Ceci est écrit à 21h00 le 22 avril.

 


Avant de regarder les stratégies politiques regardons vite les pratiques de ceux qui tiennent les leviers.


Il leur faut casser toutes velléités de dynamique. Donc à 20h00 après une campagne qui de Libé au Figaro en passant par le Monde et leur partenaires multimédia dans l'opération ont fait monter la tension pour annoncer le "fn" à plus de 20 et le FdG à 10.

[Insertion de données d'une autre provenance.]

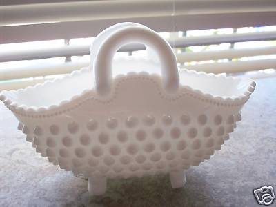 BEAUTIFUL HOBNAIL FOLDED BASKET MILK GLASS AWESOME!!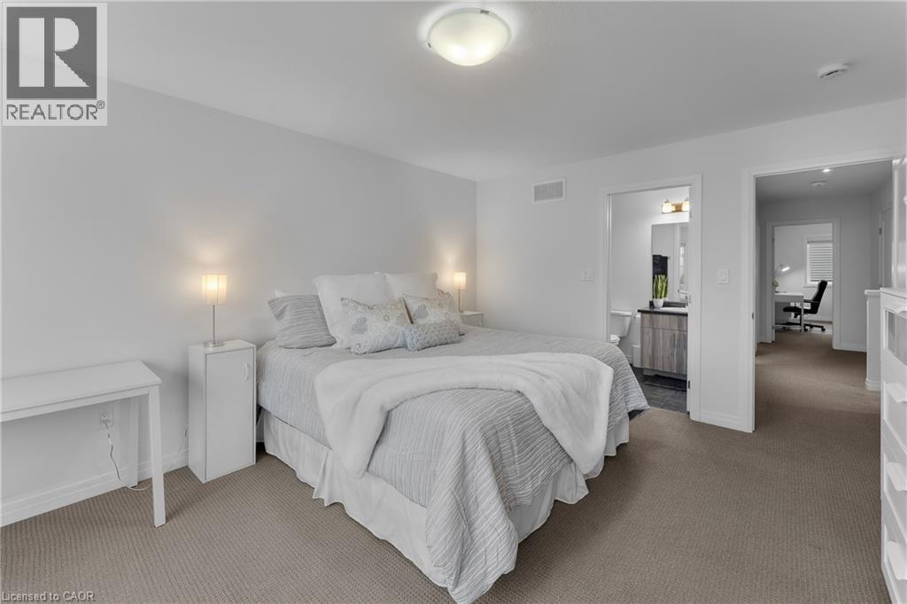 Welcome to this Losani-built freehold townhome in the highly desirable Vista Ridge community of Beamsville, offering nearly 1,500 sq ft of modern living space with no condo fees. Perfect for first-time buyers, young families, or professionals commuting to Hamilton or the GTA, this 3-bedroom, 3-bathroom home features a bright open-concept main floor with 9-foot ceilings, hardwood flooring, and a stylish kitchen with quartz countertops, a large breakfast island, extended cabinetry, under-mount lighting, and pot lights. Upstairs you'll find three spacious bedrooms including a primary suite with walk-in closet and ensuite bath, plus convenient bedroom-level laundry. The unfinished basement provides excellent potential for future living space, while the attached garage offers inside entry for everyday convenience. Ideally located just minutes from local schools, parks, shops, restaurants, Niagara wine country, and quick QEW access, this home delivers the perfect balance of comfort, lifestyle, and commuter convenience in one of Beamsville's most sought-after neighbourhoods. (id:50787)

Ça douche. L'effet est garanti.


A 21h00, l'écart est 18,5-11.7. Cela ne change pas la donne mais les paramètres ne sont plus les mêmes. L'effet psychologique étant installé il est possible de sortir les orgues de Staline pour pilonner tout ce qui bouge et le caporal chef Apathie passe les obus au reste des artilleurs de Koblenz.


Ce ne sera pas ici une surprise que d'entendre La Canaille dire que cette élection est un piège. Malgré les mises en gardes qui vont bien au-delà de l'auteur de ces lignes, une nouvelle fois le mouvement populaire est embarqué dans la nasse. Pourquoi et surtout comment.


Pour avoir négligé, oublié et surtout refusé de voir que le cadre institutionnel de la classe dirigeante est bornée pour fonctionner par et pour les idées de l'idéologie dominante.


Tentons de clairement développer. Pour perpétuer sa domination le capital à besoin d'une approbation d'un cadre institutionnel qui permette que le système ne soit pas remis en cause.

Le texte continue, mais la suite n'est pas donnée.